Мариса на цыпочках проходит в детскую, чтобы убедиться, что сынишка спокойно спит.
Он лежит на боку, свернувшись клубочком и посасывая палец. Она ласково целует его в щечку. Мальчик хмурится.
В спальне Джерард уже снял рубашку, как обычно оставив в манжетах тяжелые золотые запонки. Мариса подходит к туалетному столику, снимает свои сапфировые серьги и колье и кладет их в наполненную до краев драгоценностями шкатулку. Она задумчиво смотрит на сверкающие камни.
– Джерард, мы действительно спекулянты?
Он медленно стягивает с себя брюки.
– Идиотское слово. Если этот солдафон и дальше будет распускать язык, он дождется: яйца ему точно кто-нибудь оторвет.
– И все же, спекулянты?
– Конечно нет, – раздраженно говорит Джерард и идет в ванную.

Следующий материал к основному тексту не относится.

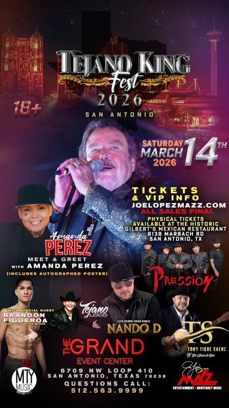 The event will be held at The Grand Event Center, located at 6700 NW Loop 410, San Antonio, TX 78238, transforming the venue into a celebration of Tejano pride and Latin music culture. Along with live performances, fans will have access to VIP experiences and a meet-and-greet with Amanda Perez, which includes an autographed poster.

Она снимает блестящее вечернее платье и вешает его в шкаф. Садится перед зеркалом. Внимательно рассматривает свое отражение. Ее лицо чистое и гладкое. Оно по-прежнему выглядит юным и невинным. И ее фигура тоже все еще стройная и подтянутая.

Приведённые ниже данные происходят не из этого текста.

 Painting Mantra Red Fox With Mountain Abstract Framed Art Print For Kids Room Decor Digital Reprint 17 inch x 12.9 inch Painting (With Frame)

Когда Джерард выходит из ванной, Мариса, глядя на него в зеркало, кротко улыбается ему.
– Этот офицер испортил тебе вечер, да? – спрашивает она.
– Не меня он оскорбил – хозяйку дома. Отложив в сторону щетку для волос, она поворачивается к мужу.

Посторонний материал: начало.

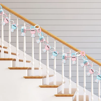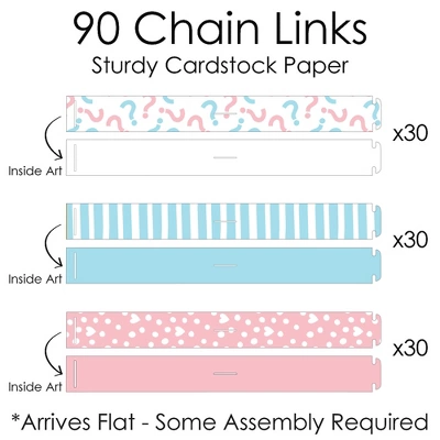 Paper Chains Garland INCLUDES: 90 paper chain links in 3 coordinating patterns and 30 paper tassels in 3 coordinating patterns. Completed paper chains garland measures approximately 21 feet, with some assembly required. One chain link SIZE 10 inches x 1 inch and one paper tassel SIZE 3 inches x 5.5 inches. SIMPLE ASSEMBLY: Baby Gender Reveal paper chain decoration kit will arrive flat and is easy enough for the whole family to assemble. First, form a chain link into a circle and insert the tab through the slit. Slide the next chain link through the first link and repeat until all chain links are connected, forming a paper chains garland. Attach paper tassels by inserting paper tassel through center slit located on the chain link. DIY PARTY SUPPLIES: Dress up all areas with Blue & Pink paper chains. Some fun decorating ideas are to wrap paper chains down a staircase railing, hang above doorways, or use as a photo booth backdrop. For an effortless look, stretch paper chains garland down the center of your dining room table. Paper chains can also be used to count down the days to a big event or trip. PREMIUM PARTY DECORATION: Paper chain decorations are professionally printed and double-sided on sturdy cardstock paper, with a photo-like shine. They are then individually cut, inspected, and carefully packaged. Baby Gender Reveal paper chains garland is a DIY kit that can be used in many ways. Get inspired with this fun do-it-yourself He or She Baby Shower Party decor kit! MADE IN THE USA: Baby Gender Reveal paper chains garland is designed and manufactured at our Wisconsin facility using materials that are Made in the USA.

– Мы так богаты, Джерард. Даже богаче, чем когда-либо могли мечтать об этом. И все это благодаря войне, верно?
– Ну и что?
– Тот человек при всех назвал нас спекулянтами. Это такое отвратительное слово…
Джерард подходит к жене и одним пальцем поддевает из ее шкатулки длинные бусы из кроваво-красных рубинов.
– А тебя в самом деле это волнует?
Она чуть заметно улыбается и нежно гладит свои камни.
– Нет. Вообще-то мне на это наплевать.
Он целует ее, затем ложится в постель и берет в руки книгу.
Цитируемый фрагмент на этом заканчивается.